Eccles, R et al (June 2012), “The Role of Culture in Sustainability”, MIT Sloan Management Review.

Collective responsibility

If the world is to combat climate change, or feed nine billion-odd people by 2050, or protect the planet’s water resources, it will require us all to work together. Individual action is welcome, though ultimately not sufficient. Yet, our frameworks for responsibility are cemented within an individualised moral logic. Sure, companies are beginning to talk in terms of participative solutions. “We cannot do it on our own” is becoming a refreshingly honest corporate refrain. Yet concepts of collective responsibility have yet to take shape.

This timely paper spells out the pillars of which a new form of corporate responsibility for a “collective age” should be established. Pillar one is to accept the moral validity of co-joint, rather than individual, responsibility. This is an insightful point. If global problems can only be solved by “institutional agents” working together, then the obligation not to work alone becomes a moral imperative.

Pillar two argues in favour of the importance of active engagement.
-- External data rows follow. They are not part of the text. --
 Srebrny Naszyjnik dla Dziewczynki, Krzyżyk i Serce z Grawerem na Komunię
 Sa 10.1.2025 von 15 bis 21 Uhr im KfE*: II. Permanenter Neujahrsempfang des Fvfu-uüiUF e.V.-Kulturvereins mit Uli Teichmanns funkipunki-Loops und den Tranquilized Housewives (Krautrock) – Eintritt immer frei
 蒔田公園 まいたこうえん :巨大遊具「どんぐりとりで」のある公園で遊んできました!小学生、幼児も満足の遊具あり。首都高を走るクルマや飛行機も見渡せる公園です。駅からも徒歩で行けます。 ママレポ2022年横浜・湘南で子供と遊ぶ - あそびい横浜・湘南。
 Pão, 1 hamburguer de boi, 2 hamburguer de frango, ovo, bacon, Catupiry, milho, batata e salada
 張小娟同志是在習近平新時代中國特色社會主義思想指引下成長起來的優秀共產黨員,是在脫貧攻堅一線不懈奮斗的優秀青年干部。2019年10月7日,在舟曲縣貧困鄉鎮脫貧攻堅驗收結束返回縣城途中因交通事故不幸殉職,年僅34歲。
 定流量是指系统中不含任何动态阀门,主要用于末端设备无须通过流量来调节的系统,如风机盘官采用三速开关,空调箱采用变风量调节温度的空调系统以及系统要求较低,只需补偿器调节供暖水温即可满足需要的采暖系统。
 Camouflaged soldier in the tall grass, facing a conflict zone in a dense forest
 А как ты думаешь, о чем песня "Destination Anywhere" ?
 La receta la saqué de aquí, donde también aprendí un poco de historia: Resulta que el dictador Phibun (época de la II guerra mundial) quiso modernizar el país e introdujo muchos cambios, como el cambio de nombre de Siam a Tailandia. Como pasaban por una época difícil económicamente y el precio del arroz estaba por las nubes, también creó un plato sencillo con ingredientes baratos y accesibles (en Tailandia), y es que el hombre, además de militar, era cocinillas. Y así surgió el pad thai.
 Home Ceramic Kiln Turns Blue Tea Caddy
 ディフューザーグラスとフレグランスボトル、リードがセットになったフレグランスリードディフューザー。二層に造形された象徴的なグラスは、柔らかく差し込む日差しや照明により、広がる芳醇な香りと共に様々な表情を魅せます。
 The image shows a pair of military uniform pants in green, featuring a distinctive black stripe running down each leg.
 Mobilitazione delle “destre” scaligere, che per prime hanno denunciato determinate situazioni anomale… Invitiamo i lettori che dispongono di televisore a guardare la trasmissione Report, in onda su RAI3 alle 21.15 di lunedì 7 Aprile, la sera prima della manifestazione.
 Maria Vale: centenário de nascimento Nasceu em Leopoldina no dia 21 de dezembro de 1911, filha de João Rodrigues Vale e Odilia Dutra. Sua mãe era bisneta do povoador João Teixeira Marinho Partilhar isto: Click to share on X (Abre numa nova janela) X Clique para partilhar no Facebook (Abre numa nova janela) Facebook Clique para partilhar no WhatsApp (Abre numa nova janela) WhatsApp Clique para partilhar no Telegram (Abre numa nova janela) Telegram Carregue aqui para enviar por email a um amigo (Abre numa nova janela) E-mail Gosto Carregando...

In a collaborative age, neutrality and passivity are both sins of “omission”. Thirdly, such responsibility is cast as positive, not negative. Companies’ roles are not just to avoid doing harm in their own remit (“a restrictive conception of moral responsibility”), but also to help resolve structural problems outside their immediate sphere of impact too.

The final two pillars conceptualise collective responsibility as a political responsibility and also a human rights responsibility. Political, because injustices result from multiple influences and they therefore require large-scale, structural (ie political in the sense of public communicative engagement) responses. And human rights, because responsibility must be grounded on a global “common good” (of which human rights provides the closest definition). 

A thought-provoking paper that obliges us to find ways to reframe the link between corporate responsibility and the “global processes running loose in this post-certain, post-familiar era”.

Wettstein, F (June 2012), “Corporate Responsibility in the Collective Age: Toward a Conception of Collaborative Responsibility”, Business and Society Review 117 (2):155–184. 

Campus news

ConocoPhillips has donated an undisclosed sum to finance the Change Agents in Residence programme at Bainbridge Graduate Institute.

Harvard Business School is to run a four-day executive programme on aligning corporate responsibility with business strategy running October 17-20 2012.